*** Opening of Data provided ***

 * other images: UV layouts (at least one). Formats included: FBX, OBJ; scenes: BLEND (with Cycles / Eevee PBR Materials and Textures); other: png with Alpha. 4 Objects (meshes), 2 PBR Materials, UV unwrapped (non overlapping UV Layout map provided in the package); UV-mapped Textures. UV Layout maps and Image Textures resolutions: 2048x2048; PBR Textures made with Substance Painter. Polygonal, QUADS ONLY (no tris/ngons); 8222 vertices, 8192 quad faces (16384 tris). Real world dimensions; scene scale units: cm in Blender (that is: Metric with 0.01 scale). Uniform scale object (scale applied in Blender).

*** Close of Data provided ***
*** Opening of Data provided ***

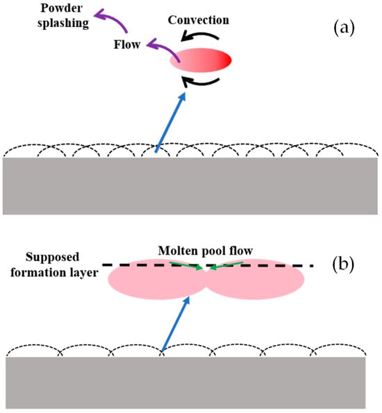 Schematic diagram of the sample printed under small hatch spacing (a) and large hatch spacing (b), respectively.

*** Close of Data provided ***
*** Opening of Data provided ***

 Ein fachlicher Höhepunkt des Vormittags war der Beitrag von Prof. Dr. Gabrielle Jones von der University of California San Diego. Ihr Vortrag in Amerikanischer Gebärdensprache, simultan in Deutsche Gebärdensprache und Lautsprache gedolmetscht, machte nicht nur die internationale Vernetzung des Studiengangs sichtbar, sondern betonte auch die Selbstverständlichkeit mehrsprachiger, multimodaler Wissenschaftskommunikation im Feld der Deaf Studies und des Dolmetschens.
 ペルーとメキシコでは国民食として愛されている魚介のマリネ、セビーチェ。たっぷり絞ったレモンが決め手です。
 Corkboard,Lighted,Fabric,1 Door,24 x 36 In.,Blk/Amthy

*** Close of Data provided ***

● Action item
Look above for the line holding "ペルーとメキシコでは国民食と", then set down exactly that line and every line after it up to and including the line holding "Corkboard,Lighted,Fabric,1 Door,24 x", with nothing else.

● Response to this task
 ペルーとメキシコでは国民食として愛されている魚介のマリネ、セビーチェ。たっぷり絞ったレモンが決め手です。
 Corkboard,Lighted,Fabric,1 Door,24 x 36 In.,Blk/Amthy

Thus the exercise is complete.